Print the lines in the listing below that fall between the line with "На первом этаже" and the line with "SOSIALISASI RUMAH BUMN", those two lines included, exactly as they stand and with nothing else.

▸ **Excerpted records**
= Beginning of Section =

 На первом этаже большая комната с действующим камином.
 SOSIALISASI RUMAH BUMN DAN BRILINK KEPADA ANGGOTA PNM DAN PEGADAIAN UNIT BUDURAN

= End of Section =
= Beginning of Section =

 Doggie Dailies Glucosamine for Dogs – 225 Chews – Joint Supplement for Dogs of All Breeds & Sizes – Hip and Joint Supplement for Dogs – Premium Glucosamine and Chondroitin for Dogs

= End of Section =

▸ **Result for this exercise**
 На первом этаже большая комната с действующим камином.
 SOSIALISASI RUMAH BUMN DAN BRILINK KEPADA ANGGOTA PNM DAN PEGADAIAN UNIT BUDURAN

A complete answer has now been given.